• _Work request_
Print the data below exactly, but only the lines from the one containing "子どもたちは大喜びで,おいしそうに給食を食べていました。" down to the one containing "Andrés Gómez Bravo.", inclusive.
╭─ Provided records
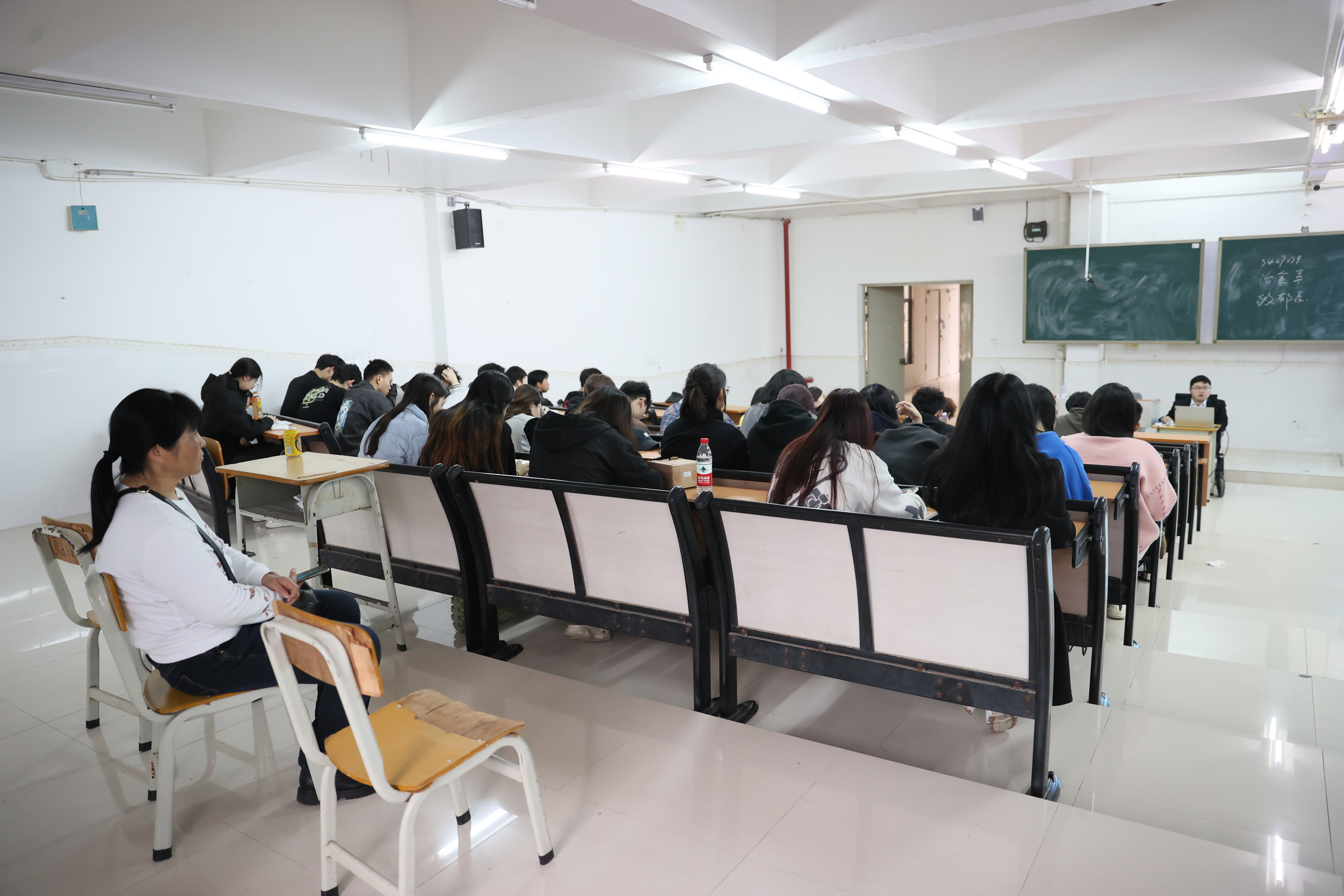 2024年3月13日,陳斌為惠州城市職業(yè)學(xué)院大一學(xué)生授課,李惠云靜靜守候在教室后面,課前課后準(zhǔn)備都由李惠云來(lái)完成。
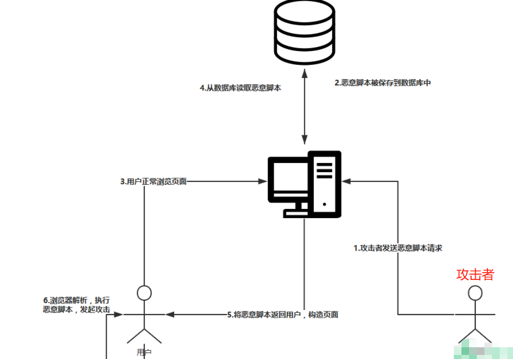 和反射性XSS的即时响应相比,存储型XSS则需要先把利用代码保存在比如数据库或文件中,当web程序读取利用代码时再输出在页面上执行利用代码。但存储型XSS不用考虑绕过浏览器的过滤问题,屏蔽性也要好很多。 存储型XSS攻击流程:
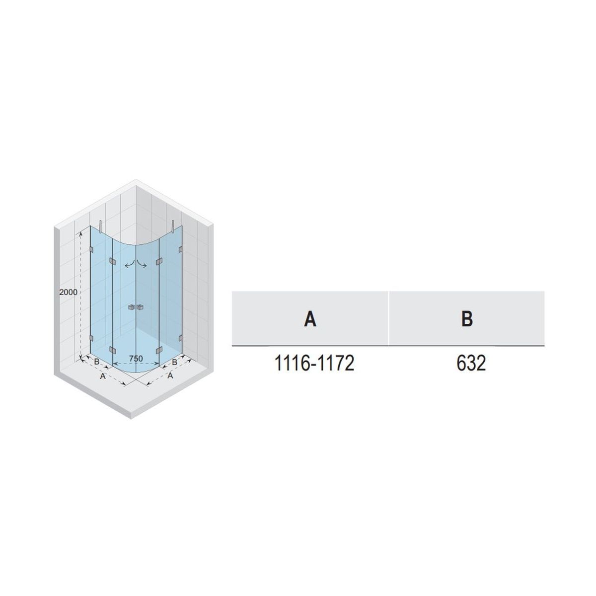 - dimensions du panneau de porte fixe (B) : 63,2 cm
╰─
╭─ Provided records
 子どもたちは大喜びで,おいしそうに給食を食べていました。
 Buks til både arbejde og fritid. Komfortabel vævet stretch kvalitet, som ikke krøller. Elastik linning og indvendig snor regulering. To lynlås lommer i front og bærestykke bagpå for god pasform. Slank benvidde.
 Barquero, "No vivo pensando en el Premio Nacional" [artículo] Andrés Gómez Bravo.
╰─
╭─ Provided records
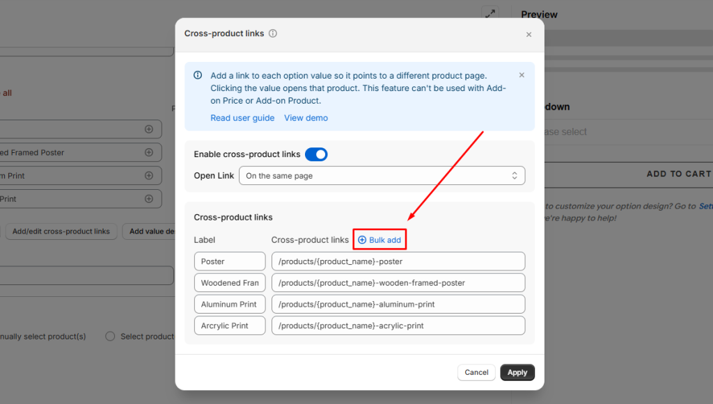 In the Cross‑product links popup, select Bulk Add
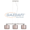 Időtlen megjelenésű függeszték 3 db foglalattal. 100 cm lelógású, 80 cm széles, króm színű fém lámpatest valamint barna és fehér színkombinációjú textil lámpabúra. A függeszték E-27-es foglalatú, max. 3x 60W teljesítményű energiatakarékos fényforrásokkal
╰─
• _Answer box_
 子どもたちは大喜びで,おいしそうに給食を食べていました。
 Buks til både arbejde og fritid. Komfortabel vævet stretch kvalitet, som ikke krøller. Elastik linning og indvendig snor regulering. To lynlås lommer i front og bærestykke bagpå for god pasform. Slank benvidde.
 Barquero, "No vivo pensando en el Premio Nacional" [artículo] Andrés Gómez Bravo.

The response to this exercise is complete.